SISTEMAS DE RIEGO III





Sistemas de Riego Modernos

Actualmente se emplean tres formas prin­cipales de regadío para que las raíces de las plantas puedan disponer de un suministro uniforme de agua.

La primera es el regadío subterráneo, que proporciona agua a las plantas directamente a través del suelo. Este método es práctico sólo cuando el terreno está nivelado y el suelo es muy permeable y se halla situado sobre una capa impermeable; esta capa capta el agua subterránea, que así puede subir hacia las plantas por capitalidad. El regadío sub­terráneo reduce al mínimo la pérdida de agua por evaporación, pero tiende a depositar sales minerales perjudiciales en la superficie. Las sales acumuladas en el suelo deben limpiarse, por lo que se necesitan lluvias muy fuertes o inundaciones deliberadas.

La segunda y más común forma de rega­dío es desde la superficie . Se aplica a tie­rras bordeadas de acequias, dispuestas en cuencas de fondo plano o con surcos.

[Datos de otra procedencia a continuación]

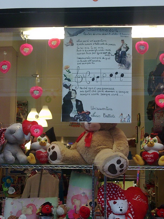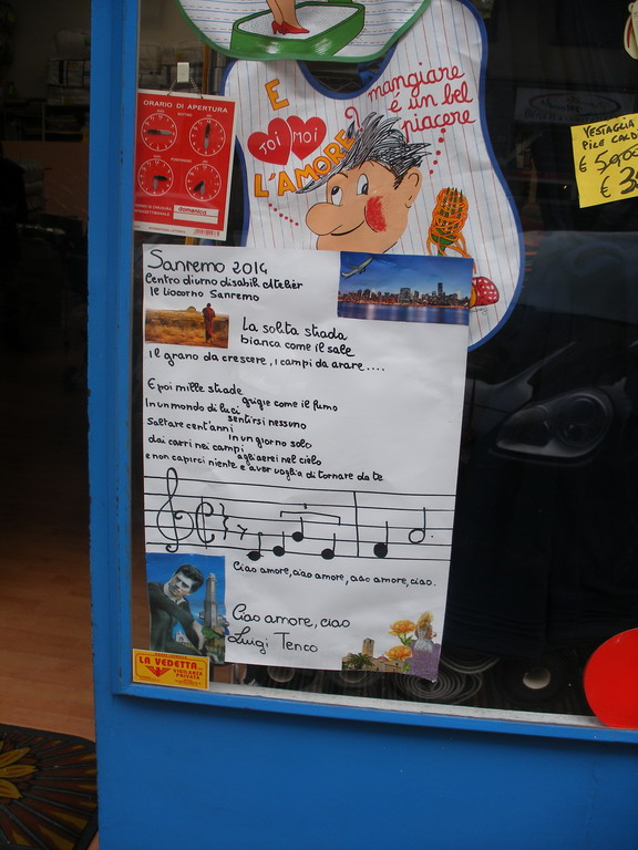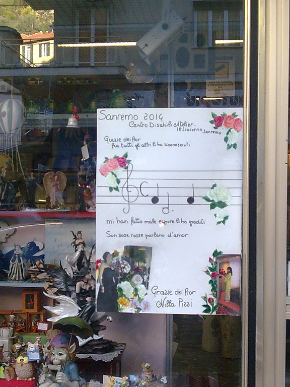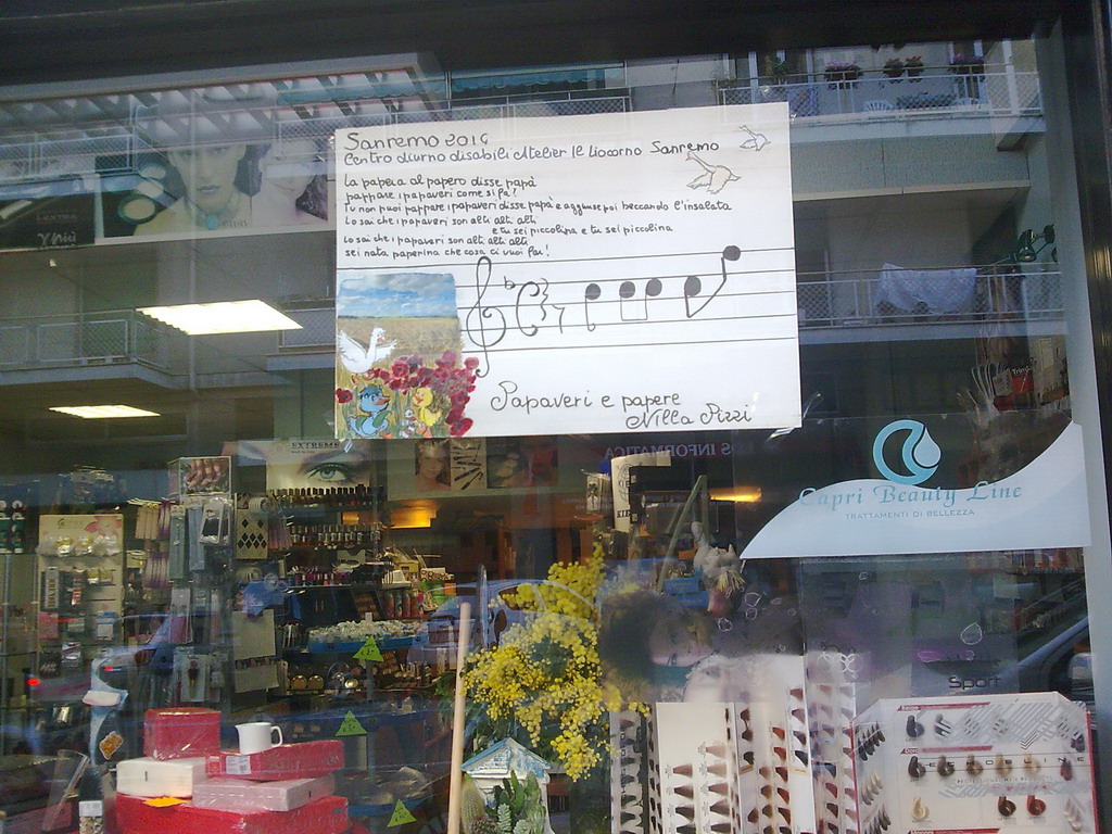 Tutto è iniziato lo scorso anno, quando ragazzi ed operatori del centro diurno disabili Atelier Il Liocorno hanno proposto ai negozianti di via Agosti, dove il centro ha sede, di adornare le loro vetrine per il Festival con dei cartelloni da loro realizzati dedicati alle canzoni di Umberto Bindi. L’iniziativa ha avuto tanto successo che quest’anno i negozianti stessi hanno voluto ripeterla, dando vita ad una collaborazione esempio di integrazione vera tra il mondo dei disabili e la società.
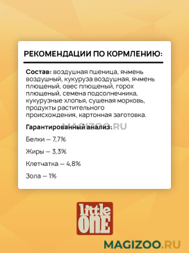 Информация о составе и ингредиентах, цветовом решении, технических и иных характеристиках, стране-изготовителе, внешнем виде и комплекте поставки товара носит справочный характер и основана на последних доступных к моменту публикации сведениях. Доставка данного товара осуществляется во все регионы РФ.Продукция бренда Little One – это 100% натуральные продукты питания и товары для ухода за декоративными животными, которые разработаны с учетом индивидуальных особенностей, пищевых потребностей и вкусовых предпочтений питомцев.

En la técnica de acequias, la tierra se divi­de en secciones largas y rectangulares ali­mentadas por un canal de suministro común. El agua conducida hacia esta zanja fluye por toda la acequia, y el exceso drena por el ex­tremo terminal. Este sistema suele usarse para cultivar cereales y plantas forrajeras.

En el regadío por inundación de cuencas, el agua queda atrapada por diques de reten­ción bajos al borde del campo, hasta que la tierra queda empapada. Este procedimiento se usa sobre todo para el arroz.

El regadío por surcos es el más adecuado para cultivos en hilera, como el maíz y el al­godón. Entre las hileras se abren surcos, has­ta de 500 m de longitud. Los surcos tienen una pendiente muy suave, desde el extremo que primero recibe el agua hasta el otro; así, cuando el agua corre, no produce excesiva erosión, sino que va empapando lentamente el suelo adyacente a las plantas.

El principal problema del regadío superfi­cial es la dificultad en dar a todas las partes del campo una cantidad igual de agua. Para asegurar que todas reciban suficiente riego, muchas han de recibir demasiado y así se desperdicia agua.

La tercera forma de regadío es el riego por aspersión. Para simular la lluvia natural se disponen conductos y válvulas de atomiza­ción del agua. Las rodadoras pueden echar agua en varías concentraciones, desde una lluvia fina hasta un fuerte aguacero. Suelen disponerse en hileras y se conectan por tuberías a una unidad de bombeo central. Sus principales ventajas son que la tierra no re­quiere preparación especial y que la aplica­ción del agua puede ser controlada eficaz­mente por el campesino.

Una innovación reciente ha sido el uso de sistemas de goteo. El agua se lleva directa­mente a la base de una planta mediante tubos de plástico estrechos por los que se produce un goteo con un inyector. Este método es muy eficaz en el empleo del agua y da unos beneficios mucho mayores que cualquier otro. Su principal problema estriba en lo cara que resulta su instalación.

La cantidad de agua que requiere un cam­po varía con el tipo de producto, el clima y la naturaleza del suelo: una cosecha de grano que para crecer en una región sólo necesita 46 cm de agua, puede requerir una cantidad casi doble en otra parte.

sistema de regadío

Una parte esencial de cualquier sistema de regadío [A] debe ser la existencia de una fuente de agua situada en una zona elevada [1]. Este requisito lo cumplen los lagos y ríos de regiones montañosas y, como alternativa, los pantanos hechos por el hombre [2] Un canal principal [3] transporta agua desde la fuente primaria a la cabecera de la zona cultivada de las tierras bajas [4]. El agua traída por el canal principal se distribuye entre toda una serie de canales secundarios [5]. Éstos van siguiendo las curvas de nivel de la superficie, permitiendo así el flujo continuo del agua pendiente abajo [6] y que el riego se realice sin necesidad de bombeo. En general, las zonas de regadío son los fondos llanos y aluviales de los valles de los ríos [7] en los que hay asentamientos humanos. El regadío del campo propiamente dicho se efectúa por distintos métodos, según la dispo­nibilidad de agua, la situación de la tierra y el cultivo. Si el agua es muy abundante, pueden subdividirse los campos en pequeñas cuencas [B] que podrían inundarse cuando fuese preciso. Un método alternativo es el de surcos [C], a los que se lleva el agua en cantidad controlada por medio de compuertas y sifones (este sistema se llama infiltración). El regadío por flujo natural [D] es apropiado para tipos de campo de pendiente suave; el agua percuela lentamente pendiente abajo desde un canal situado más arriba. Si la pendiente del terreno es fuerte, en las laderas se pueden preparar bancales o terrazas, tal como se ha estado haciendo en China durante siglos.